1978, aylardan mart. Hava muhtemel soğuklukta. Hangi bayrama denk geldiğini bilemiyorum ama bir bayram haftası. Bu sebeple, doğduğum Zeynep Kamil Hastanesi’nde doktor adedinde eksikler var ve yine bu sebeple doğmam gereken tarih geciktirildiği için zehirlenerek doğuyorum. İşte hikâyem böyle başlıyor. Baba tarafım Yozgatlı bir aile iken anne tarafım birkaç kuşak İstanbullu. Gözümü ilk açtığım semt ise Kurtuluş. Tabii tek gözümü. Doğduğumda biri komple kapalıymış.

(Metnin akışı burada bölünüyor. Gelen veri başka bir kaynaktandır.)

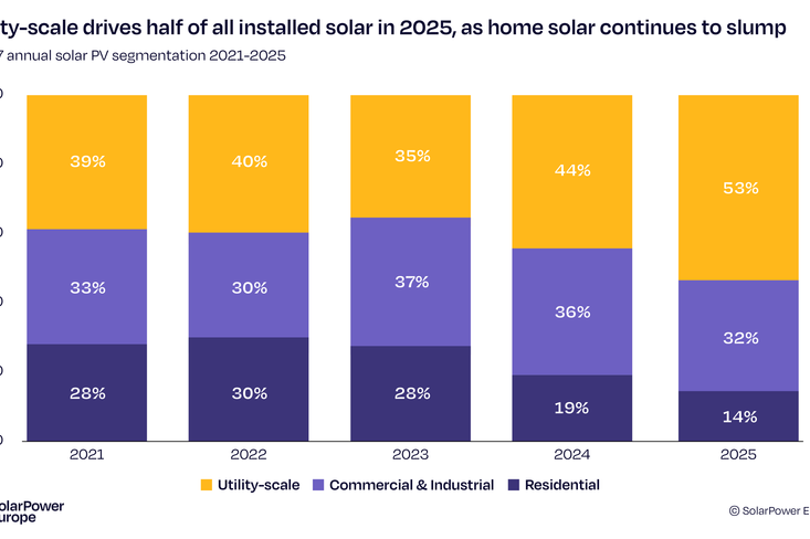 Největší propad zasáhl střešní instalace, především u domácností. „Segment střešních instalací se výrazně propadl, a to navzdory tomu, že spotřebitelé stále čelí vysokým maloobchodním cenám plynu a elektřiny, protože podpůrné programy byly postupně ukončovány. Velké pozemní elektrárny sice nadále výrazně rostly a v roce 2025 představovaly více než polovinu všech nových instalací, ani to však nedokázalo vyrovnat oslabení rezidenčního trhu,“ dodávají analytici.

Hayatıma otuz üç senelik anılar sıkıştıran aslında sıkışık nizam bir semtten, Kurtuluş’tan, daha doğrusu hatırasından bahsedeceğim.
Aile büyükleriyle birlikte yedi nüfuslu orta halli bir ailenin, mahalle kültürü ile büyüyen bir çocuğuydum. İlkokulu Feriköy Özel Ermeni İlkokulu’nda okudum. Çalışkan olmayan ama derslerinde başarılı haylaz cinslerdendim. Beşinci sınıfa kadar neredeyse tüm piyeslerde mutlaka sahnede bir yerlerde olurdum.

Kurtuluş’ta uzun yıllar yaşadığımız evimiz Emek Apartmanı, Seymen Sokak’taydı; halen anlatırken kahkahalarla güldüğümüz nice güzel hatıranın başrolündedir. Dedik ya mahalle diye, doğal olarak tüm esnaf ve yaşayanlar birbirini tanırdı. Dünya üzerindeki en muhteşem apartman komşuluğunu yaşadım. Evlerin kapılarının üstünde her daim anahtar vardı ve ben de yaramaz ve meraklı bir çocuk olduğum için istediğim her daireye girip çıkardım. Hangi evin akşam yemeği daha güzel ise akşama o evdeki masada yerimi alırdım.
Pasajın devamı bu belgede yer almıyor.